If you would like to explore these four differences more completely, read:
Will this Death by a "Mercy-Killing" or a "Merciful Death"?
https://s3.amazonaws.com/aws-website-jamesleonardpark---freelibrary-3puxk/CY-MK-MD.html
 
    The safeguards linked below constitute the operational methods
by which several other persons can participate
in examining the proposed death to see whether
it would be a
mercy-killing (harmful criminal behavior)
or a
merciful death (helpful compassionate behavior).

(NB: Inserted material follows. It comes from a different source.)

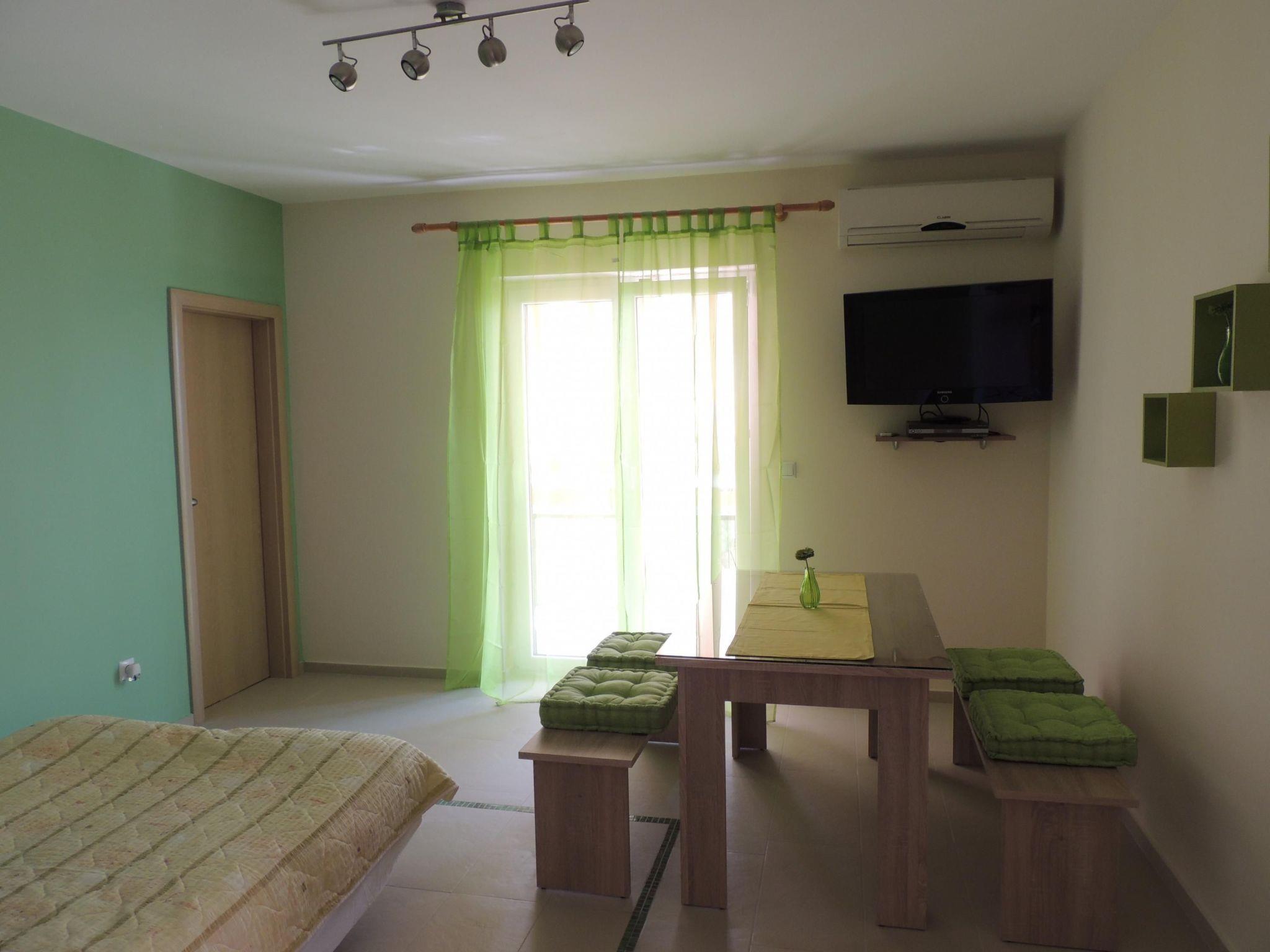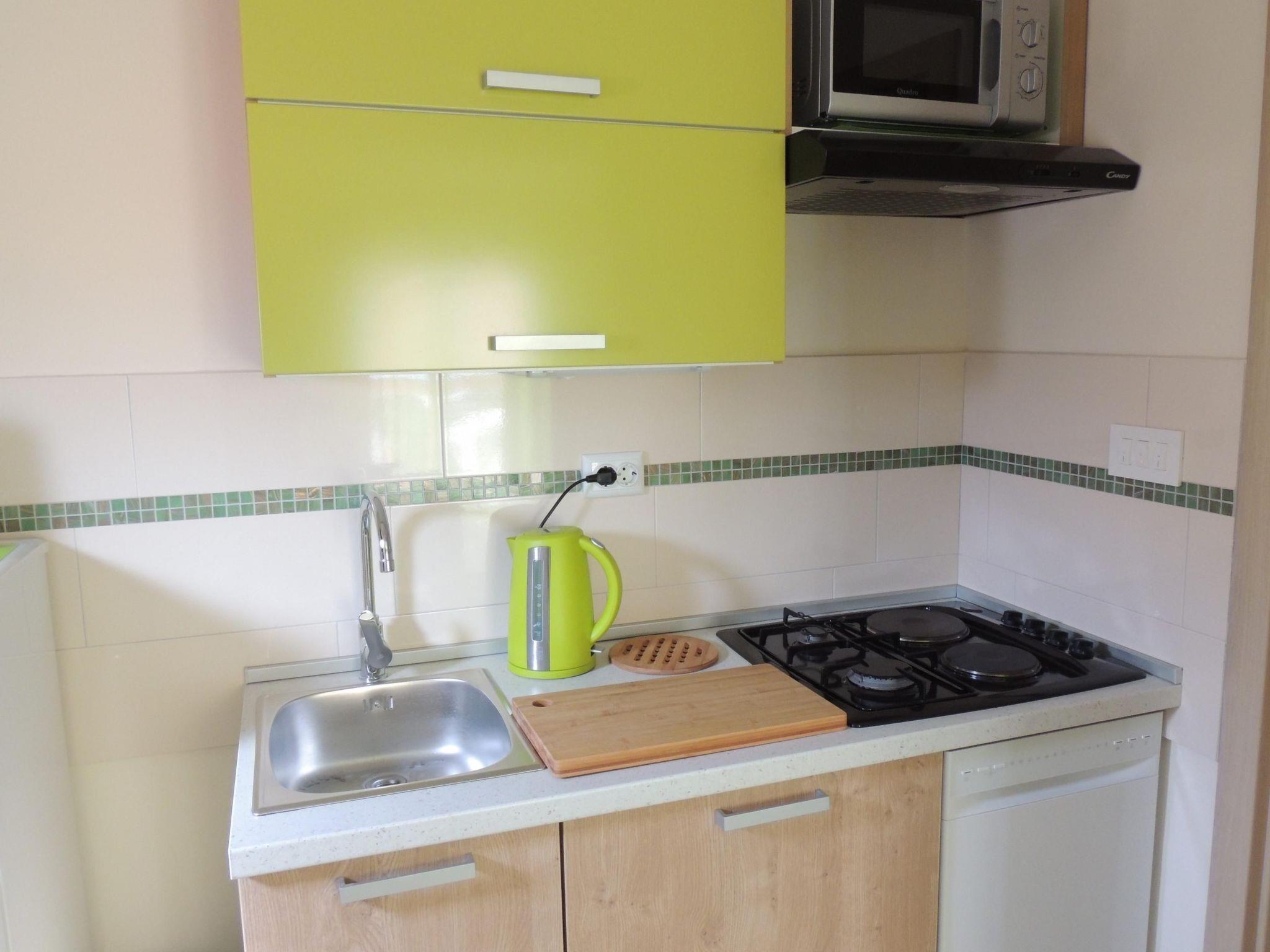 This 45m² apartment can accommodate up to four people and features a pleasant and colourful design. It has a bedroom with a double bed and there is a sofa bed in the living room, where there are also a dining table with chairs, a TV with satellite reception and air conditioning. The kitchen is well-equipped with a gas stove, microwave, kettle, Dolce Gusto coffee machine, toaster and dishwasher. The bathroom provides a shower and a hairdryer.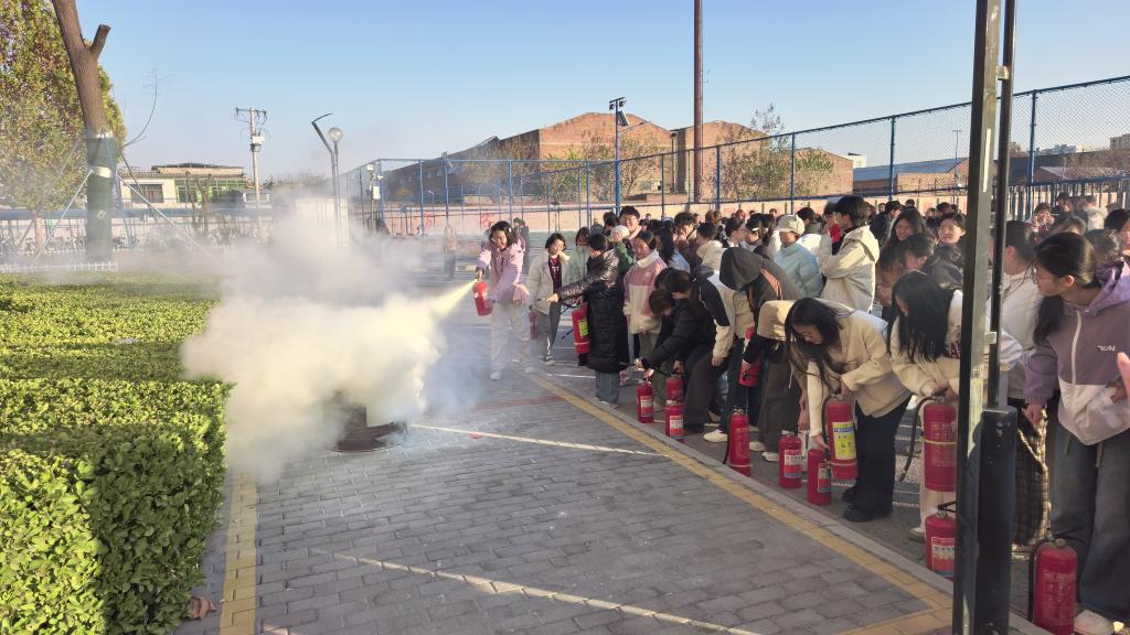 随后,一级注册消防工程师刘宇在新教学楼报告厅以《加强消防安全 强化消防意识》为题作了消防知识讲座,内容涵盖火灾发生的原因及防范要点。讲座结束后,现场师生进行了模拟火灾逃生撤离,并在新教学楼南侧开展灭火实操演练。

    This set of worries about the right-to-die
is traditionally called the "slippery-slope argument".
If we permit
some forms of life-ending decisions,
then we will begin slipping down a hill to disaster
without the possibility of stopping ourselves.
A chain of terrible consequences will follow
if we take even the first step down the slippery slope.

    If this were true,
that we could
not prevent harmful deaths if we permit good deaths,
then (so the argument goes),
we should never take the first step onto the slippery slope:
We should not permit even obviously good deaths
because someone will distort the principles
allowing beneficial deaths
so that
harmful deaths will be inevitable.

    The safeguards are the
sand that can be put on the icy sidewalk
so that it will be safe to walk down the hill.
As long as the safeguards prevent us from slipping out of control,
the trip down the icy sidewalk will be safe.
Wise safeguards carefully applied can
permit wise deaths and prevent foolish deaths.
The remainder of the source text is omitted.